**WORK TASK**
When you transcribe the entries, reproduce every character and exclude the images.
== Segment start ==
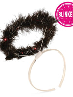 Die Ergänzung zum Engelkostüm: der Heiligenschein. Hier in schwarz und der Clou: mit 10 LED`s und blinkend, verstellbar in 3 Modi, mit flauschigen Marabufedern und Silberfäden. Natürlich zu vielen anderen Gelegenheiten auch kombinierbar. Ebenfalls erhältlich...
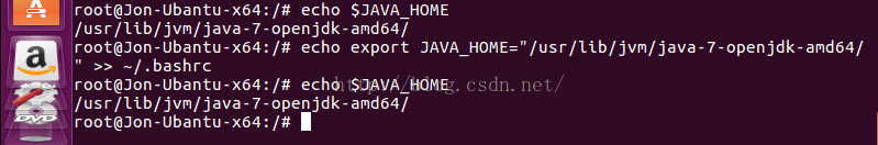 echo export JAVA_HOME="/usr/lib/jvm/java-7-openjdk-amd64/" >> ~/.bashrc
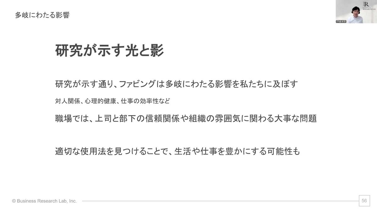 ここまでのお話では、基本的に「ファビング=相手との会話中にスマートフォンを見る行為はよくないこと」という前提で進めてきました。実際に、その前提はおおむね当たっていると思います。ファビングは、本人にとっても、周囲にとっても、さまざまなネガティブな影響を及ぼすということが研究から明らかになっているわけです。
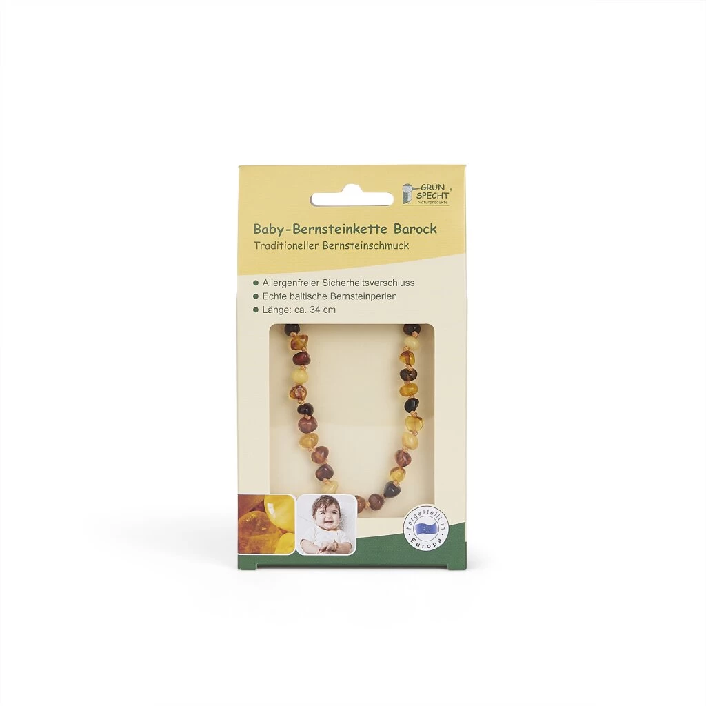 Traditioneller Babyschmuck mit Sicherheitsverschluss in drei Bernsteinformen
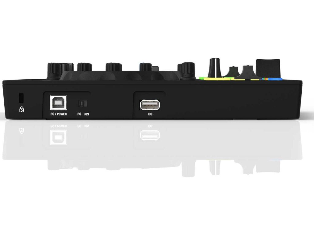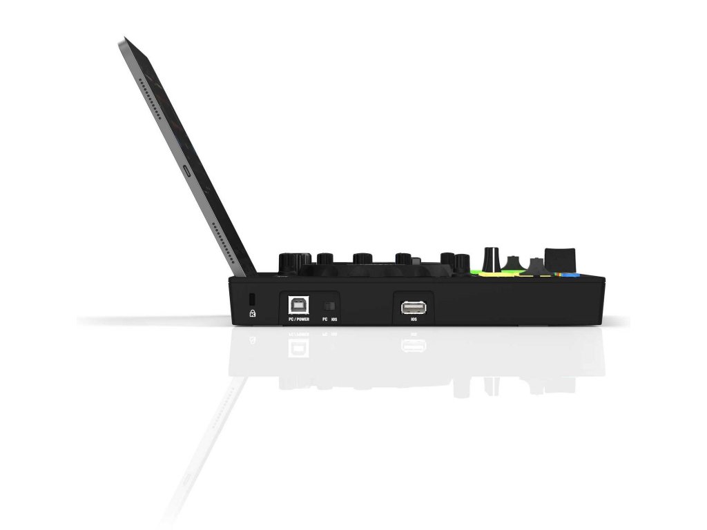 Buddy oferuje również elastyczną łączność, a ponadto działa w trybie Plug&Play, dzięki czemu nie trzeba instalować żadnych sterowników systemowych. Znajdziesz tu porty USB dla urządzeń PC i iOS, a do szczegółowego monitoringu możesz wykorzystać wyjście słuchawkowe i stereofoniczne wyjście RCA dla monitorów odsłuchowych. Tylna część kontrolera zawiera zintegrowany uchwyt na podłączony tablet lub smartfon.
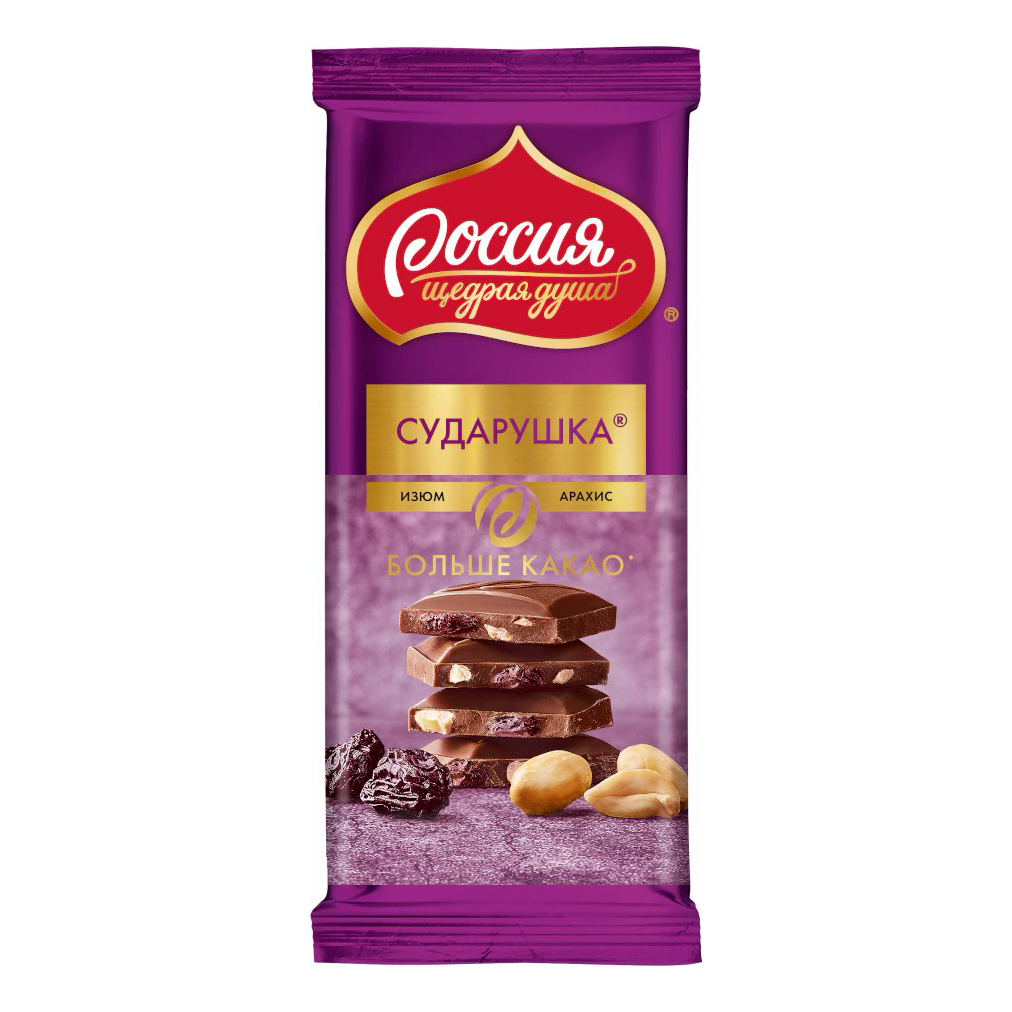 Шоколад (Россия) "Сударушка" плитка, молочный с изюмом и арахисом 82 г
== Segment end ==
**THE ANSWER**
 Die Ergänzung zum Engelkostüm: der Heiligenschein. Hier in schwarz und der Clou: mit 10 LED`s und blinkend, verstellbar in 3 Modi, mit flauschigen Marabufedern und Silberfäden. Natürlich zu vielen anderen Gelegenheiten auch kombinierbar. Ebenfalls erhältlich...
 echo export JAVA_HOME="/usr/lib/jvm/java-7-openjdk-amd64/" >> ~/.bashrc
 ここまでのお話では、基本的に「ファビング=相手との会話中にスマートフォンを見る行為はよくないこと」という前提で進めてきました。実際に、その前提はおおむね当たっていると思います。ファビングは、本人にとっても、周囲にとっても、さまざまなネガティブな影響を及ぼすということが研究から明らかになっているわけです。
 Traditioneller Babyschmuck mit Sicherheitsverschluss in drei Bernsteinformen
 Buddy oferuje również elastyczną łączność, a ponadto działa w trybie Plug&Play, dzięki czemu nie trzeba instalować żadnych sterowników systemowych. Znajdziesz tu porty USB dla urządzeń PC i iOS, a do szczegółowego monitoringu możesz wykorzystać wyjście słuchawkowe i stereofoniczne wyjście RCA dla monitorów odsłuchowych. Tylna część kontrolera zawiera zintegrowany uchwyt na podłączony tablet lub smartfon.
 Шоколад (Россия) "Сударушка" плитка, молочный с изюмом и арахисом 82 г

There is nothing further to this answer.